▶ EXCERPTED DATA:
((

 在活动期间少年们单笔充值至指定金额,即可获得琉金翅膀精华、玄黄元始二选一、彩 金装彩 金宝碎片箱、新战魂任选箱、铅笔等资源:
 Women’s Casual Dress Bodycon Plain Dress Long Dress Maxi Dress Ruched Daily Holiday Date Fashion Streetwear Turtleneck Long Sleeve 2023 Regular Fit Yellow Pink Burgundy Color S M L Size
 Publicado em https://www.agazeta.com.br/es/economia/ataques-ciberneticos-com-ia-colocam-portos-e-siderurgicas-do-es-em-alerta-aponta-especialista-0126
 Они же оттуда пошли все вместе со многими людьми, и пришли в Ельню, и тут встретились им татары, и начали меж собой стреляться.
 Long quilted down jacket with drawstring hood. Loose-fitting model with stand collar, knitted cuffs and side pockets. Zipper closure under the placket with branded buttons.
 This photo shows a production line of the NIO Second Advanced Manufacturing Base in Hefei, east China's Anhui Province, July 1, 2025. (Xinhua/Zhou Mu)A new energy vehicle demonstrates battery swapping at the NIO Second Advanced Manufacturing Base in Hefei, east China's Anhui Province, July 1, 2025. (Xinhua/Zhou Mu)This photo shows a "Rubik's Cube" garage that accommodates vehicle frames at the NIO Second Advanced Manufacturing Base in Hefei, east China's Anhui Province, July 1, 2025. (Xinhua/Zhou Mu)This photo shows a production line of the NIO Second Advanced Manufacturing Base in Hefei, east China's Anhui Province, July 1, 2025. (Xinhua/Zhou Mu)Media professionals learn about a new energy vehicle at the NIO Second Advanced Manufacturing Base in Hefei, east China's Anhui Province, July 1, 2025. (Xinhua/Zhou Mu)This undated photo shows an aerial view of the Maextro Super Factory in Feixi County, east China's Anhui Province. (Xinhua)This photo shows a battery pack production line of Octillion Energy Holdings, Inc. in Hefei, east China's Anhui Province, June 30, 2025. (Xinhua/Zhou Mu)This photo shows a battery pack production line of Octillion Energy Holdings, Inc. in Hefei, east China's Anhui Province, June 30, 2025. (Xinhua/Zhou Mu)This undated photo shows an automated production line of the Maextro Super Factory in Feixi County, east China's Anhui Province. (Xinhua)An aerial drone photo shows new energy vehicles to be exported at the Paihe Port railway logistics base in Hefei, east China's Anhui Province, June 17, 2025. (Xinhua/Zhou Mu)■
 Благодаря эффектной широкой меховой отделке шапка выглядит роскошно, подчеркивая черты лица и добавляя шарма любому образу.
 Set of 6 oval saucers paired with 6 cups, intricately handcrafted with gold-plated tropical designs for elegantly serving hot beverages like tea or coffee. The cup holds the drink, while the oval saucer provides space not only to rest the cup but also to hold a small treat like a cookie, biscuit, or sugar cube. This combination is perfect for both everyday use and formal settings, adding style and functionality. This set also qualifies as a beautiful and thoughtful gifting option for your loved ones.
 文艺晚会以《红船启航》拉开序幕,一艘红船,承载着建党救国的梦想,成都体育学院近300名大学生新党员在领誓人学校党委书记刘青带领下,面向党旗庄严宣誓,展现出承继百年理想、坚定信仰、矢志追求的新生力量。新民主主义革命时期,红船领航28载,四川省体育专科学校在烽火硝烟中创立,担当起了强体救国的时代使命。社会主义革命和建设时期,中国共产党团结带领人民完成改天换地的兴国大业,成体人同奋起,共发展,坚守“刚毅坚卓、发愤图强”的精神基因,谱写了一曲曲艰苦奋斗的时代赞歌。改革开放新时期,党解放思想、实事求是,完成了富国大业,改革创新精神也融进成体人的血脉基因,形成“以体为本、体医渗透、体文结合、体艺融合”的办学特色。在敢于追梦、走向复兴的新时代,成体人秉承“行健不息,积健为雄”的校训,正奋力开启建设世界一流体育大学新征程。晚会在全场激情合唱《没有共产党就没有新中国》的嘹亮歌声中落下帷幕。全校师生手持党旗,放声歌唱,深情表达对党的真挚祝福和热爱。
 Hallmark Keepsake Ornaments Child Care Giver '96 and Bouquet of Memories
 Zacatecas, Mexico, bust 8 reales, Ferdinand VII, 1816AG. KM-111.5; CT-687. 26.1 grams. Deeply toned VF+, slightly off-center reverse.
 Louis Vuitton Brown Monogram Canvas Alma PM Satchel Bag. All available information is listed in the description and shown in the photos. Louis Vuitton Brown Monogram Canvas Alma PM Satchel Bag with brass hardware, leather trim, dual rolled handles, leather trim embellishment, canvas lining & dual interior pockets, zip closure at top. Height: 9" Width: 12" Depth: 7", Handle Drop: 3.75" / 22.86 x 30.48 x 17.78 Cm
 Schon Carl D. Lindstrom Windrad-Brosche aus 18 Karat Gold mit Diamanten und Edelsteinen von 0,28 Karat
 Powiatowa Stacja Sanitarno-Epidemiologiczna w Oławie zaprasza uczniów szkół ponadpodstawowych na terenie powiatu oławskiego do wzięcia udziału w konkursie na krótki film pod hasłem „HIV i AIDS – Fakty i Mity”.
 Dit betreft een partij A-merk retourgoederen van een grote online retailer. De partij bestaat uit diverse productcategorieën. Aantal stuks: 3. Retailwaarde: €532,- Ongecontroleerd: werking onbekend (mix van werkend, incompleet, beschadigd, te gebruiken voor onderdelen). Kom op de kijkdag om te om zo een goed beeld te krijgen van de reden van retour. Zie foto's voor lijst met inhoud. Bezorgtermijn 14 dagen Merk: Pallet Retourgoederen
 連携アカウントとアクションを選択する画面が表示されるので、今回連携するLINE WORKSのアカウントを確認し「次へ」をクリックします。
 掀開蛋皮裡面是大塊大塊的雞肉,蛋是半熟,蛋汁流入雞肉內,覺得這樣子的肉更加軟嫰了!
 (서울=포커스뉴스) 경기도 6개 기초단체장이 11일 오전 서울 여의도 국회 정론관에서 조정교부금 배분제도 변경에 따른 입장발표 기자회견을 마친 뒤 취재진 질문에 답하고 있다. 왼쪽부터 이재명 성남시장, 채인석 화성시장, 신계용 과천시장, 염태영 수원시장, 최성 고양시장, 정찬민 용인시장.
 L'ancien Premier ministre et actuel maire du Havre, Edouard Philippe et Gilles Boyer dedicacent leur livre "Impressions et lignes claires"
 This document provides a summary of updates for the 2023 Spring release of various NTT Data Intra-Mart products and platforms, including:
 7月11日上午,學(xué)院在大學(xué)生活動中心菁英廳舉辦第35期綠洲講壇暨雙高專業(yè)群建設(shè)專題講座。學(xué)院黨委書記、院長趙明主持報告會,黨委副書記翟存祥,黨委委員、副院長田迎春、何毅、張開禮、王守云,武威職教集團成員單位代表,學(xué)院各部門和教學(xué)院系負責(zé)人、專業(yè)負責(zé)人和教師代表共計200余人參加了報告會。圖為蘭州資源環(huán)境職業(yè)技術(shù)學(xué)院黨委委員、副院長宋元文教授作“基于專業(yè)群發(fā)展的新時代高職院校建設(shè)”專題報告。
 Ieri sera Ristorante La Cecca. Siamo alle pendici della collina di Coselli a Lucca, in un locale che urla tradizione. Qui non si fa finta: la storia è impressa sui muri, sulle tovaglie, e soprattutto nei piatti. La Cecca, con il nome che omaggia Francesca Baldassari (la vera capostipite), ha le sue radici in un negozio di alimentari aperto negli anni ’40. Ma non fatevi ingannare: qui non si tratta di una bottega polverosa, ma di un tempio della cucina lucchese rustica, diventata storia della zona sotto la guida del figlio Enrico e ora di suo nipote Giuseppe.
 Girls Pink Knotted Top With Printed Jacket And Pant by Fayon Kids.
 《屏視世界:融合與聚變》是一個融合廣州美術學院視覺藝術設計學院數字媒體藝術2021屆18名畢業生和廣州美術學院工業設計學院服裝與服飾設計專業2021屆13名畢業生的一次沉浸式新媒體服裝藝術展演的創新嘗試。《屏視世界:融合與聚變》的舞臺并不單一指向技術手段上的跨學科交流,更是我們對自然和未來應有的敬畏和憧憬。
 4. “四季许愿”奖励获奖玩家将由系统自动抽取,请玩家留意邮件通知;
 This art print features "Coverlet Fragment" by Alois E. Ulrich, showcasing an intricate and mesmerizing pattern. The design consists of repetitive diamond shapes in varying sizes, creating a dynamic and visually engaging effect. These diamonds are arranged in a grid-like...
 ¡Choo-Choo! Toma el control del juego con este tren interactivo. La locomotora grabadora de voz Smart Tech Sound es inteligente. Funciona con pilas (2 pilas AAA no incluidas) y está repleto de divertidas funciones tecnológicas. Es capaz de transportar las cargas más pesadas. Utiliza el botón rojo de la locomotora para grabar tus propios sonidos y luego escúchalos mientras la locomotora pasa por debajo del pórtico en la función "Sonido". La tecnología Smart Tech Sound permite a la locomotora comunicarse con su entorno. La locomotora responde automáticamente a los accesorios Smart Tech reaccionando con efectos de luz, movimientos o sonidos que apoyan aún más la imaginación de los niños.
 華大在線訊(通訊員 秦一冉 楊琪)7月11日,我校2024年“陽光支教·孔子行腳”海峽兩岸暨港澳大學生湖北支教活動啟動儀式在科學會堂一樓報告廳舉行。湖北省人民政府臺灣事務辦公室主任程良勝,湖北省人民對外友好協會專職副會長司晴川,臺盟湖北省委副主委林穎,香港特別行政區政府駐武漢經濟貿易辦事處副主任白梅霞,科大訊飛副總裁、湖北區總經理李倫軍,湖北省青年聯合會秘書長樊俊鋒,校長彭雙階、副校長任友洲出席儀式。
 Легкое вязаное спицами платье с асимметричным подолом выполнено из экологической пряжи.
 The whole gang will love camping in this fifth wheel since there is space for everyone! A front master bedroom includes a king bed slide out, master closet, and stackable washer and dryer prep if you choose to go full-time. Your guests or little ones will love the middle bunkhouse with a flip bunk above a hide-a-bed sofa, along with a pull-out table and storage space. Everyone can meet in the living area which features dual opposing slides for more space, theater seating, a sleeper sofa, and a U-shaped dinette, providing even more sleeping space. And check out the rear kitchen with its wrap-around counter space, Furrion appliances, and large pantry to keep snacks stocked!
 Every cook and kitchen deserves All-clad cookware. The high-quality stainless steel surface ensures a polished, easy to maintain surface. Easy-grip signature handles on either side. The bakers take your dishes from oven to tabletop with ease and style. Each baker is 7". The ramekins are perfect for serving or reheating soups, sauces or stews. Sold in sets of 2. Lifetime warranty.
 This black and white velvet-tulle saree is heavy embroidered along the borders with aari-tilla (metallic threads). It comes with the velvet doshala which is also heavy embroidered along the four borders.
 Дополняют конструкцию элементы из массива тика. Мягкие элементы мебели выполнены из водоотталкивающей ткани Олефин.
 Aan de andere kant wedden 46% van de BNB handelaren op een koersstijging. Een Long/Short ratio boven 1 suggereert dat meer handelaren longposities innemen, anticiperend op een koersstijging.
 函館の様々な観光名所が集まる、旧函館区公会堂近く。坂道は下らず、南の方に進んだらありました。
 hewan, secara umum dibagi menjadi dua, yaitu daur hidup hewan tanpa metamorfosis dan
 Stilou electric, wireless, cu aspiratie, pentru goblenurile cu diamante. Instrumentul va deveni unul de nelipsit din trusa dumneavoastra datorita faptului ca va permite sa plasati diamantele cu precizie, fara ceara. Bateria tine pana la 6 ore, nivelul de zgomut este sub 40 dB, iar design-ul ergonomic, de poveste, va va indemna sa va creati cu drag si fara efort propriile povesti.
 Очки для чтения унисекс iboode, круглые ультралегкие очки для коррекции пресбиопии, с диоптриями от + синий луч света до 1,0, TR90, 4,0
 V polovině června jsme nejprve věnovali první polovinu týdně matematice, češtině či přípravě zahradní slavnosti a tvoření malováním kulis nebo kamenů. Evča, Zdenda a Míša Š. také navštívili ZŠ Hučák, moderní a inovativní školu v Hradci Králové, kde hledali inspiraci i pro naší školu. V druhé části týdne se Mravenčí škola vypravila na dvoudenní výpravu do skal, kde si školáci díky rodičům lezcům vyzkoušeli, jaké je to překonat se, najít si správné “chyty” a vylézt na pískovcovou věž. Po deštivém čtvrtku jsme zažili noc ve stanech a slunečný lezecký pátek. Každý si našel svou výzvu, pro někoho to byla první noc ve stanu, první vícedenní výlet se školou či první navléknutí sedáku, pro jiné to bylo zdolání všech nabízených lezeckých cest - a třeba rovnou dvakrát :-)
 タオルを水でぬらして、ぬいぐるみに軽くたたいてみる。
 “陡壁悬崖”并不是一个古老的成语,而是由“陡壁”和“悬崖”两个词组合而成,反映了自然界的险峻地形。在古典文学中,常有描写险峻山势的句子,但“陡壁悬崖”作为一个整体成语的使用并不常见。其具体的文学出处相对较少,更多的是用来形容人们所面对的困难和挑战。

))

Look through the records and gather every line containing "closure".

▶ RESULT:
 Long quilted down jacket with drawstring hood. Loose-fitting model with stand collar, knitted cuffs and side pockets. Zipper closure under the placket with branded buttons.
 Louis Vuitton Brown Monogram Canvas Alma PM Satchel Bag. All available information is listed in the description and shown in the photos. Louis Vuitton Brown Monogram Canvas Alma PM Satchel Bag with brass hardware, leather trim, dual rolled handles, leather trim embellishment, canvas lining & dual interior pockets, zip closure at top. Height: 9" Width: 12" Depth: 7", Handle Drop: 3.75" / 22.86 x 30.48 x 17.78 Cm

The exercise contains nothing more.